Professor William Harris
His students wonder why he's strange.
He knows they do. It's a prominent shade in their eyes, the twin hue of confusion and laughter. It doesn't bother him. He's worked hard to ensure it's that way. In fact, it's exactly what he needs.
What stirs a shadow of concern in the back of his mind is the momentary flash of anger, just behind the pupil. Most students don't show this. He leaves them alone. But, once in a while, he'll make a joke at the expense of some frat boy in an oversize baseball cap snoozing in the front row. The young man's eyes connect with his and, just for a moment, turn a poisonous shade of green. Or he'll sing and, out of the corner of his eye, see a quiet, pretty girl tapping her foot along and making vaguely arcane motions with her fingers.

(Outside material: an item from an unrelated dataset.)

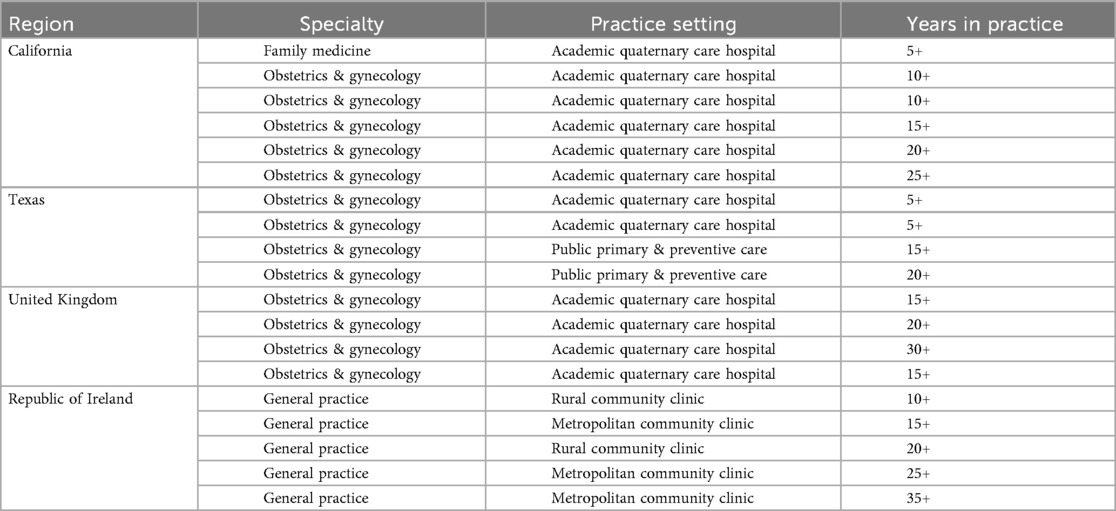 A total of 19 abortion-trained physicians were recruited using purposive and snowball sampling, which was particularly useful given the limited number of physicians who publicly identify as providers of abortion care. Participants were drawn from CA (n = 6), TX (n = 4), the UK (n = 4), and the ROI (n = 5) (Table 1). Inclusion criteria included active or recent clinical experience in abortion care and English language fluency. We limited our study to physicians (MD, DO, MBBS, or equivalent) to focus our discussion on this group's training and scope of practice. Recruitment continued until thematic saturation was reached, meaning no new themes emerged in the final interviews.

He especially watches out for the ones in the middle rows. The ones who take special care to avoid his attentions, who keep their head down at the appropriate times and who smile like snakes when he tells someone to change their major.
They always smile. They never laugh. That's the tip-off.
He's told the students before that the doors are shut at ten-ten every day so that they won't be disturbed by an unannounced entrance. That part's true. He just doesn't feel the need to tell them "Sorry kids, the intruders aren't students. They're beings from beyond the world that are after that quiet girl making strange sigils with her hands. This happens a lot in my line of work, don't worry."
No, he doesn't need to say it.
The ones who are smiling knew it anyway.